Roboadvisors vs GIA/ISA

Last week I made some comments about why I’m not a fan of robo-advisors. Fortuitously, the FCA have today published an in-depth review of the sector, which means I can simply point to their authority and make it look like I know what I’m talking about :rofl:

Here is the review. Here is what the press think. And here is why it matters:

The service and fee-related disclosures at most ODIM firms in our sample were unclear. Some firms did not make clear whether their service was advised, non-advised, discretionary or non-discretionary. Some firms also compared their fee levels against peer services in a potentially misleading way.

Are customers being advised? Are they having their investments managed? (There’s an important regulatory distinction.) It seems the platforms in question don’t know themselves. If the value and price of the two are different, how can consumers compare them?

Many firms offering ODIM services did not properly evaluate a client’s knowledge and experience, investment objectives and capacity for loss in their suitability assessments.

The only value premise of these platforms is that they tell you what to invest in, otherwise you’d just do it yourself.

As such, this is driven completely by how sophisticated their technology is to ‘automatically’ make recommendations that are personal to you and your circumstances. The FCA are clearly saying that the platforms they reviewed in the sector literally cannot do the one thing customers are paying them for in a compliant manner.

Some firms did not ask clients about their knowledge and experience at all, as they felt their service was suitable for all individuals regardless of their investment knowledge and experience.

Imagine paying 1% a year to be given access to the same ETFs as Jonny down the street because your financial needs are the same. It seems unlikely to me.

…some services failed to request or gather adequate information about customers’ debt and other outgoings. Firms should consider how to improve the amount and quality of client information collected during the auto advice process.

This problem stems from the fact that the suitability process is tied to onboarding. It creates a conflict whereby platforms are incentivised to create smooth and minimal processes in order to keep the customer engaged, but also results in a fundamentally poor assessment of their actual needs.

If I answer 5 questions each with 4 options to choose from about my risk appetite and income, for example, that’s a great customer experience on the face of it.

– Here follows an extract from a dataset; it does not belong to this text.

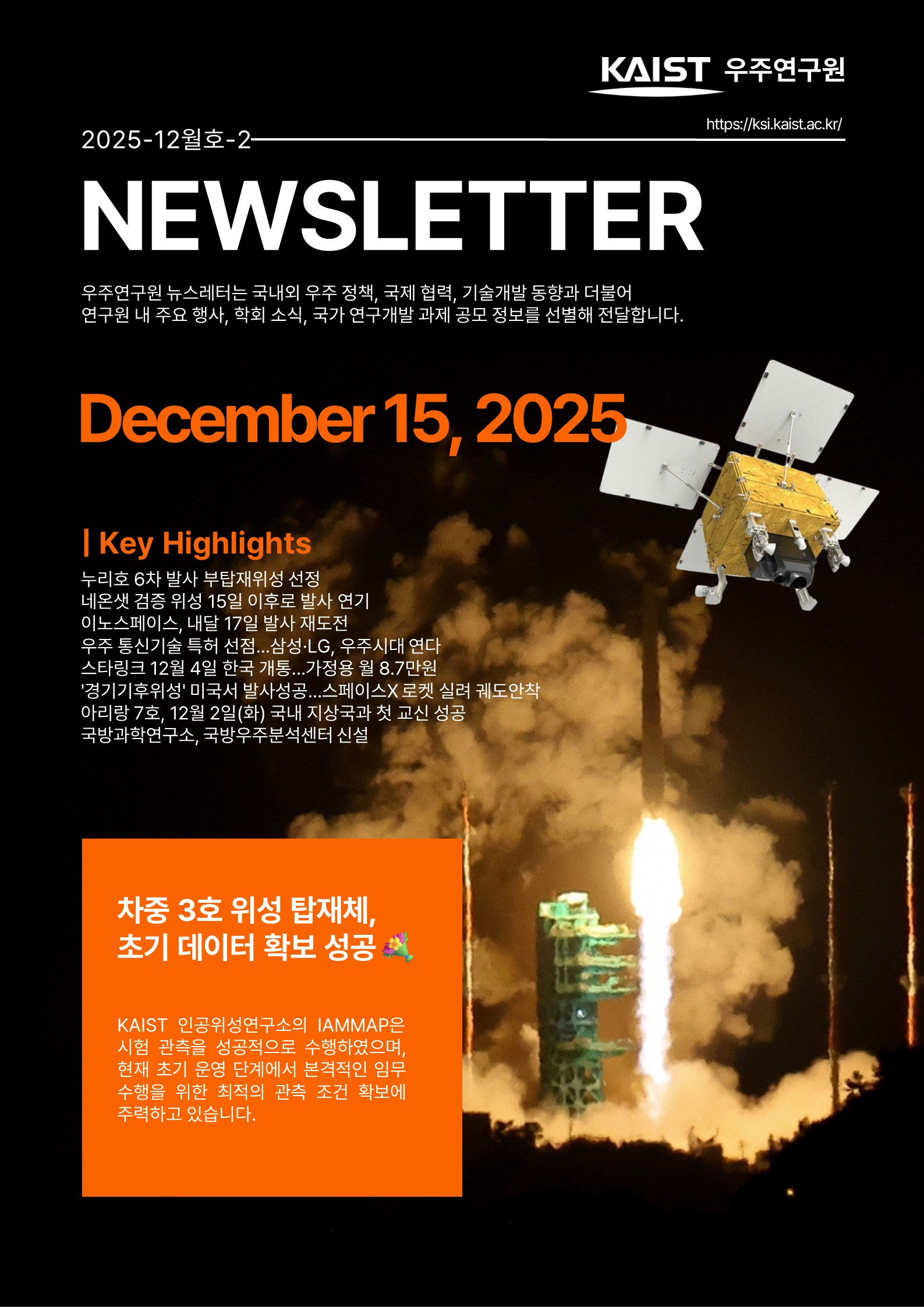 우주연구원 뉴스레터는 국내외 우주 정책, 국제 협력, 기술개발 동향과 더불어 연구원 내 주요 행사, KAIST 우주연구원은 2주 간격으로 국내외 우주 정책, 국제협력, 기술개발 동향과 더불어 연구원 주요 행사, 학회 소식, 국가 R&D 공모 정보를 선별하여 제공해 드립니다. 계속해서 뉴스레터를 받아보시려면 아래 ‘구독하기’ 버튼을 눌러 이메일 주소를 입력해 주십시오. |

Gets me in the door quickly and I can deposit my money. But I’m only getting advice / management services that are as sophisticated as the quiz.

It leads customers to being categorised into buckets of pre-set ETFs that are defined for set demographics, not the needs of the individual customer.

We expect automated investment services to meet the same regulatory standards as traditional discretionary or advisory services. This means taking a proportionate approach to information gathering while maintaining the appropriate level of client protection.

It’s a sad day when a regulator points out that technology solutions have led to poorer outcomes than traditional physical and human channels. There’s clearly a lot more to do for automated investment platforms to overcome their human, IFA counterparts.

(I’m envisaging an open-banking powered AI that has awareness of my social personality and financial situation, using this over time to amend my investment allocations. When this exists and costs <1% maybe then I’ll consider it as an adequate substitute to doing my own research.)

Most firms in the ODIM services sample were unable to show that they had adequate and up to date information about their clients when providing an ongoing service.

Because where the advice process gets conflated with onboarding, why would you take the customer back to onboarding?

Many platforms cite periodic rebalancing to justify their fees; the idea being that the markets move over time and therefore so should your ETF allocations. Well, the circumstances of customers are also fluid, and if the platform is not aware of this, how can it respond?

One last tidbit…

We also announced our intention to review new entrants to the market in the future.

≈ benchmarking new entrants against higher standards informed by this review and earlier ones. Expect it to be much tougher to launch a new platform from this point onwards.

TL;DR - the true innovation at play here is the ETF. Paying a fee to these glorified online quizzes in order to access them is damaging to investors of all sizes, and it’s unfortunate that it’s been legitimised as ‘fintech’. Spend some time researching what to invest in (and how to invest in it cheaply!) or pay for some real advice.